I should have told him to get out of town today if he knew what was good for him. Hell, I should have chased him out myself. But I just ripped myself away. The more I walked, I could feel the hooks under my skin pop off and disappear and the tight feeling started to fade.
I got into the car and turned to Jake. Tears were pouring down his face. His hands were clasped over his mouth to catch the sobs but I’d never seen him cry like that. I started fussing instantly, but he was crying too hard to speak. I asked if he needed to take off the rest of the day and he nodded. We could pretend he’d picked up a stomach bug from me yesterday.
He cried for hours. Just uncontrollable. To this day, he won’t tell me exactly what happened to him while I was talking to the stranger. I kind of have an idea. I don’t like to think about it. The one thing he did tell me was that the man had his face. That’s when I knew.
I went back the next day as early as I could, and sure enough the man with our faces was there. The air was thick like the humidity just before a big storm. He didn’t seem to notice. All the nice people whose routines he had disrupted were stock still, staring at him, and I wanted more than anything to shout for him to get out of there. What the hell kind of game was he playing? Didn’t he know this shit was dangerous, and didn’t he care about-- but anyway. I couldn’t get my voice up over the thick silence sliding down my throat.
I wasn’t the only one; nobody was willing to make the first move. Then Jeff, the old man who runs the liquor store, came up behind the stranger with the driver he keeps behind the counter for security. He sat up a little. He knew the old man was behind him, and he didn’t even turn around. The metal bulb smacked against his shoulder and keeled him over right off the bench. I rolled with the blow. His book fell, and I never saw it again after, because in that moment everything turned into chaos. A little under a dozen people rushed for him.

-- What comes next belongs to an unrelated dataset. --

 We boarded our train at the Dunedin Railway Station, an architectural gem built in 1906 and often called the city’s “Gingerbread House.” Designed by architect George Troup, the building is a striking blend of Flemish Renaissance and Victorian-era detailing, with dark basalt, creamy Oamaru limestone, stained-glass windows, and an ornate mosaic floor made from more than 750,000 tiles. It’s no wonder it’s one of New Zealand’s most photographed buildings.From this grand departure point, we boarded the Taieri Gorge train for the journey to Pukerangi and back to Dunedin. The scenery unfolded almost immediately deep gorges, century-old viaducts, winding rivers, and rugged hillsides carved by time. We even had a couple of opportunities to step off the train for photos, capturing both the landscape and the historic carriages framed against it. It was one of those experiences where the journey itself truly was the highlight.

I’m not oversensitive or hysterical or what the fuck ever. I swear on god that I could feel everything. I haven’t asked anybody else if they felt it too. Steel toed boots to the gut, dirt and asphalt and nice folks’ hate in your mouth. I don’t know if it’s worse if they couldn’t or could.
It was the kind of shit you only see on the real gritty nature docs, or when you spend a long time sitting still in a deer stand. When all the birds descend on one among them and rip its throat out, or a mama fox bashes her kit to death. It’s not malicious. It’s a survival instinct. But I’ve never believed for a second that natural doesn’t mean it can’t be evil.

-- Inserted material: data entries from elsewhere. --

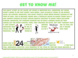 Muskaan Gill provides biographical information about herself, including how she got her name, where and when she was born, her horoscope sign and birthstone. She describes her family members and best friends. Muskaan discusses her past birthdays and plans for future birthdays. She shares her career and life goals, as well as expectations for future technology, space exploration, environmental and social issues. Muskaan also indicates which cartoon character she relates to based on an online test and lists some of her favorite hobbies.
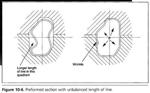 較深的皺紋也有可能將材料聚集到局部區域,產生不平衡的線長狀況。在圖10-6所示的預成形部分中,有褶皺的象限具有較長的線長度。
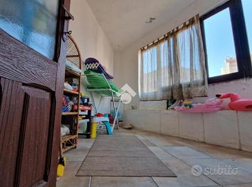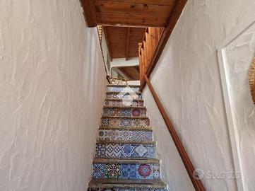 All'appartamento si accede tramite una tipica scala in graniglia impreziosita da maioliche colorate che ci da accesso diretto alla cucina soggiorno con zona cottura a vista divisa, un'accogliente open-space, spazio da condividere in compagnia di amici e della famiglia.
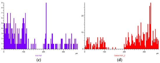 The elemental line scans in Figure 7 reveal a distinct transition zone where the ceramic and the TWIP steel matrix meet. The distributions of Fe, C, and Si across the interface indicate some degree of elemental diffusion, suggesting the formation of a transitional layer. This diffusion can enhance the interfacial bonding strength and contribute to a smoother stress transfer between the ceramic and metallic phases. The presence of a transitional layer, characterized by gradual changes in elemental composition, further confirms the good microstructural compatibility and bonding at the interface.
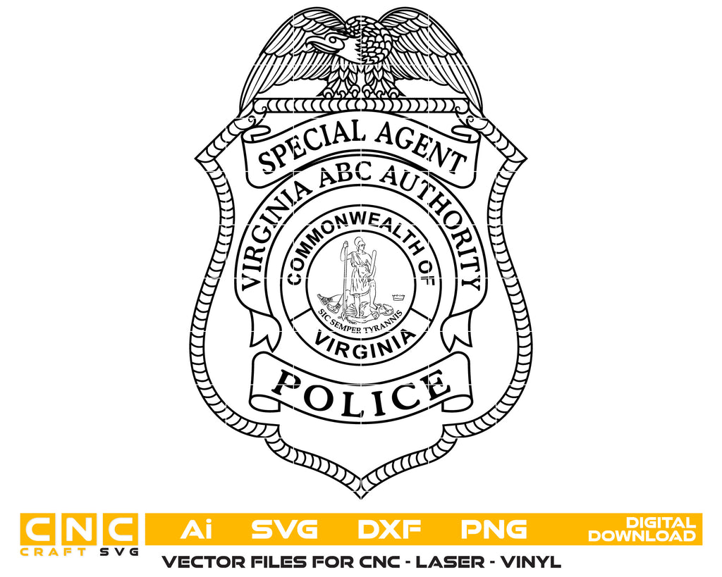 Create professional-quality law enforcement designs with this Virginia Police Special Agent Badge SVG, a clean and detailed vector badge inspired by Virginia state police special agents. Designed for accuracy and clarity, this badge artwork is ideal for high-quality cutting, engraving, and printing applications. Perfect for plaques, decals, uniforms, signage, and collectible police badges.
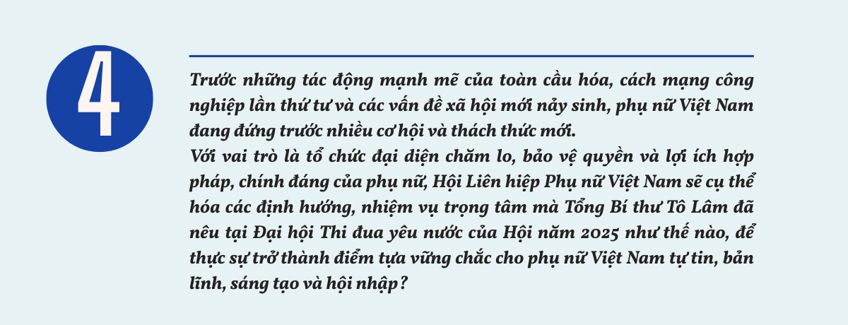 Trước những biến động sâu rộng của thời đại toàn cầu hóa và cách mạng công nghiệp lần thứ tư, phụ nữ Việt Nam không chỉ cần bản lĩnh để thích ứng mà còn cần được đồng hành, hỗ trợ để phát huy tiềm năng và khẳng định vị thế trong mọi lĩnh vực của đời sống xã hội. Với vai trò là tổ chức đại diện cho phụ nữ cả nước, Hội LHPN Việt Nam sẽ tiếp tục cụ thể hóa các định hướng, nhiệm vụ trọng tâm mà Tổng Bí thư Tô Lâm đã nêu tại Đại hội Thi đua yêu nước năm 2025; đồng thời, chú trọng xây dựng tổ chức vững mạnh, hiện đại, gần gũi và đồng hành cùng phụ nữ trong từng giai đoạn cuộc sống, để mỗi hội viên đều cảm nhận được sự hỗ trợ thực chất và truyền cảm hứng. Qua đó, Hội sẽ thực sự trở thành điểm tựa tin cậy, giúp phụ nữ Việt Nam tự tin, bản lĩnh, sáng tạo và hội nhập vững vàng trong kỷ nguyên mới.
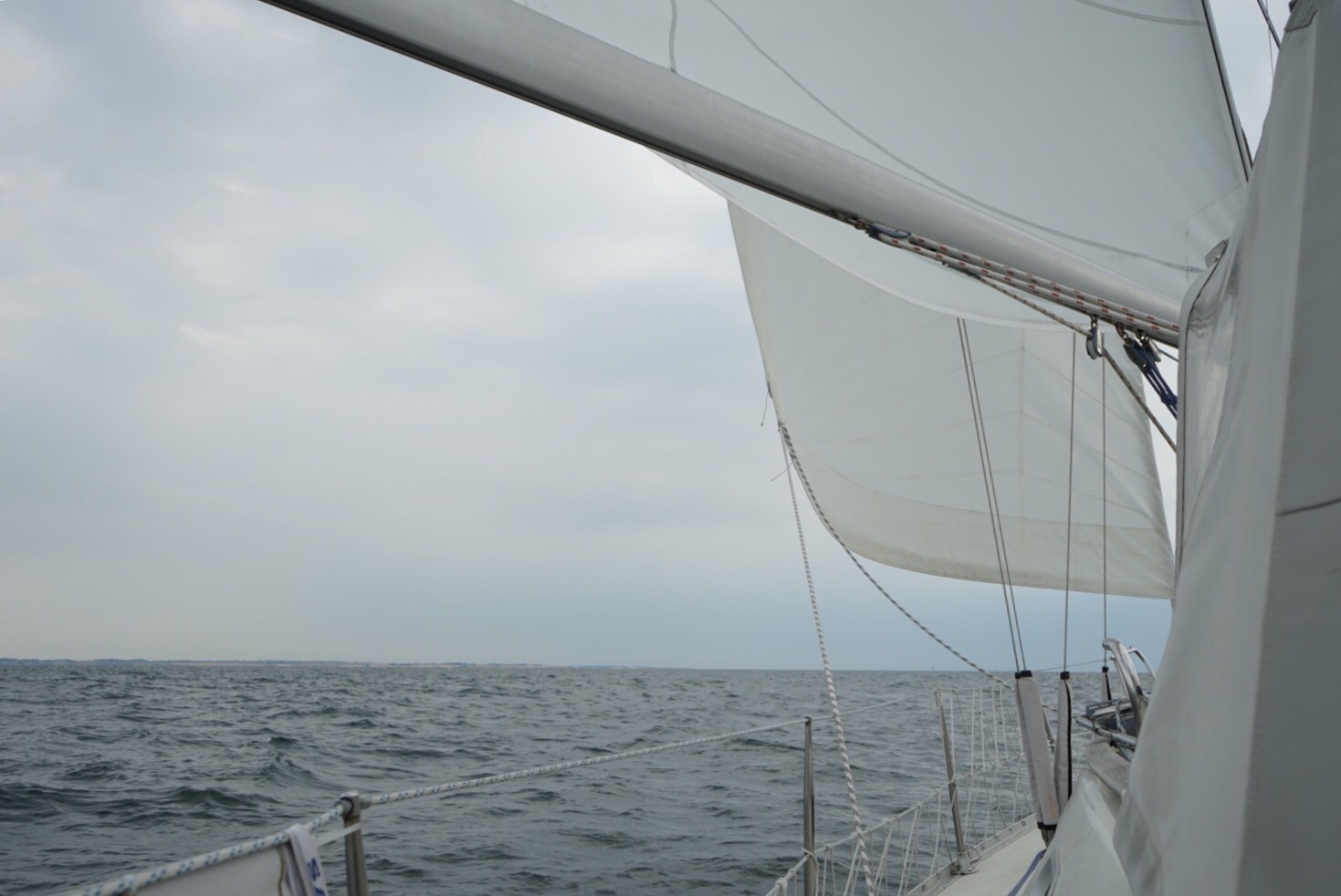 Det blev en nästan halvvind i mellan åtta och tio m/s och tyvärr lite grått väder.
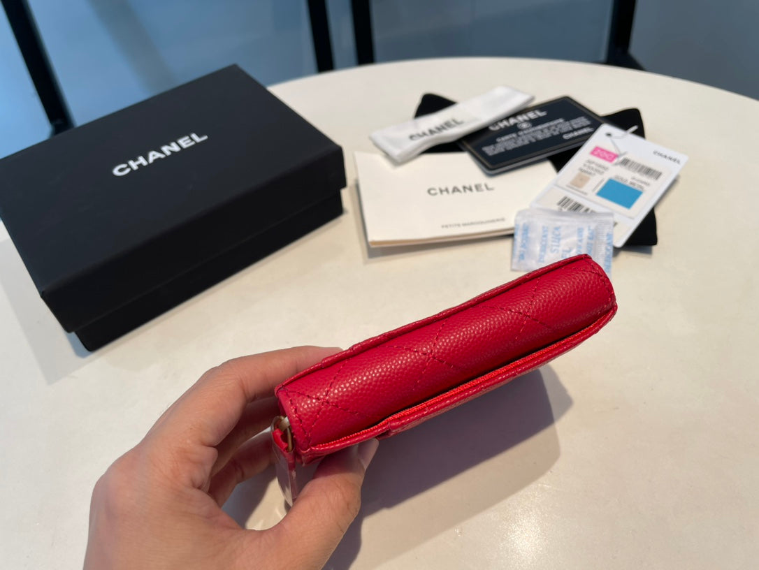 CC ZIPPED CAVIAR PURSE 11 RED CALFSKIN GOLD ICON

And he looked up. Made eye contact. His eyes were so big and bloodshot and scared. I could feel him pleading inside my head so loud, and I could feel the bruising and breaking like a phantom sensation under my skin. I just stood there. Somebody brought their foot down on the center of his face and it made this horrible cracking sound and that was when I finally looked away. That was when I stopped feeling it.
There were a few more moments of scuffling before everyone stopped. He’d quit moving and I think it made everyone realize all of a sudden what they were doing and where. After a while someone got a big sheet and draped him in it, staining it red everywhere. I don’t know what they did with him after they wrapped him up and moved him. The coffee shop owner got the hose he used for the flower boxes in his windows, and sprayed down the street until the gore washed away.

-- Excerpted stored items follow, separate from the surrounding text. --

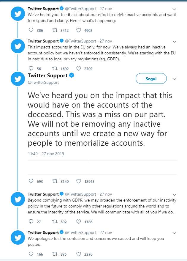 Il 27 novembre, l’account Twitter ufficiale @TwitterSupport ha fatto chiarezza su cosa prevede questa nuova politica. Abbiamo ascoltato i vostri feedback sui nostri sforzi per eliminare account inattivi e desideriamo rispondere e chiarire. Ci scusiamo per la confusione e le preoccupazioni che abbiamo causato e vi terremo informati". ha spiegato il supporto di Twitter, precisando di avere "sempre avuto una politica sugli account inattivi ma non l’abbiamo mai applicata coerentemente.Stiamo iniziando con l’UE in parte a causa delle normative locali sulla privacy (ad esempio, GDPR)", quindi il processo riguarderà solo account nell’Unione Europea, per ora."Oltre a rispettare il GDPR, in futuro potremmo ampliare l’applicazione della nostra politica di inattività per conformarci ad altre normative in tutto il mondo e garantire l’integrità del servizio. Se lo faremo, lo comunicheremo a tutti voi." In ogni caso, Twitter non inizierà ad eliminare account fino a quando non troverà un modo per evitare la chiusura di profili di persone defunte: "Ti abbiamo ascoltato sull’impatto che ciò avrebbe sugli account di chi è defunto. Questa è stata una mancanza da parte nostra. Non rimuoveremo account inattivi fino a quando non troveremo un nuovo modo per commemorare gli account di utenti defunti".
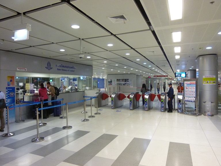 スワンナプーム国際空港駅からバンコク市内まではエアポートレイルリンクを使うと30分ほどです。駅にはこれといった設備はありませんが、エスカレーターで上に上がればすぐ空港ビルで、飲食店や物販店が多数ありますから問題ないと思います。
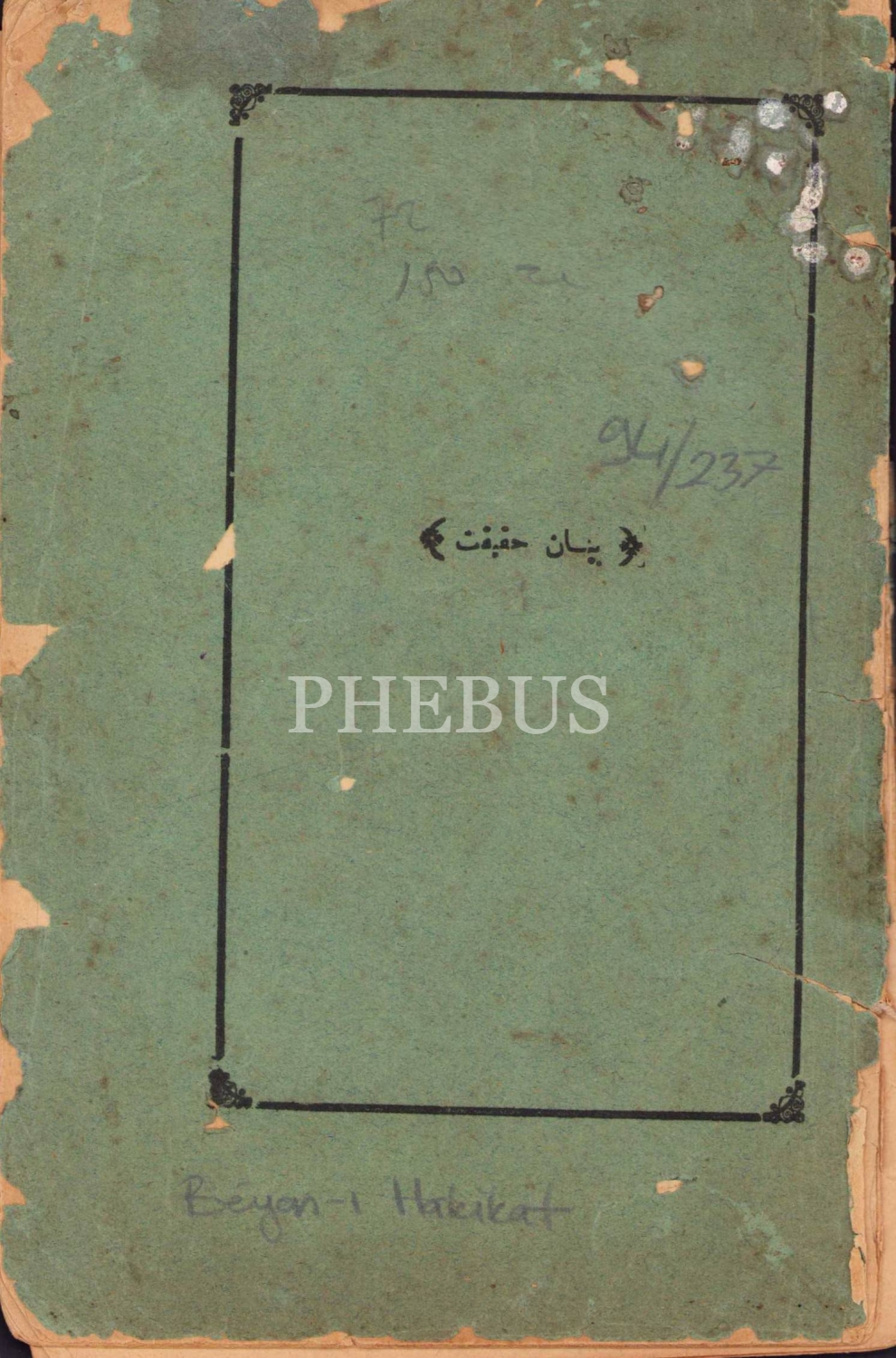 Osmanlıca Beyan-ı Hakikat, Matbaa-i Amire, 1293, kapak, sırt haliyle, 70 sayfa, 12x18 cm
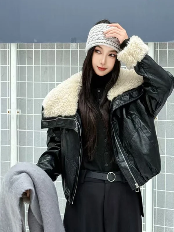 Lamb Fur Collar Fce Lined ort Biker Jaet Women's Thiened Winter Coat Vintage Sle Long Sve Outdoor Warm Leather
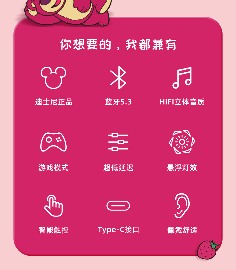 新款迪士尼TWS迷你无线蓝牙耳机 半入耳半透明HIFI高音质降噪通用

I watched my neighbors murder me.
I haven’t disguised myself before posting this. I could have spared the personal details and changed people’s names. It’d be very consistent for a cowardly fuck like me. But I think the least I can do for us both, me and him, is to be honest. I am scared as hell every day. I never stop thinking about the way his bones cracked, and his teeth came out, and his skin sloughed away where they’d beaten it to mashed potato. If you read this, if you’re from my town, you know who I am, and I know who you are, and I think you deserve to be a little scared too.
Yesterday for just a minute, I thought I saw my boss flinch looking at me. He had this look of horror, and rage. And when it happened, I knew him inside-out. I saw myself. And I looked like him.
Maybe sometimes, if you’re that scared of seeing your reflection, that’s your own fucking fault.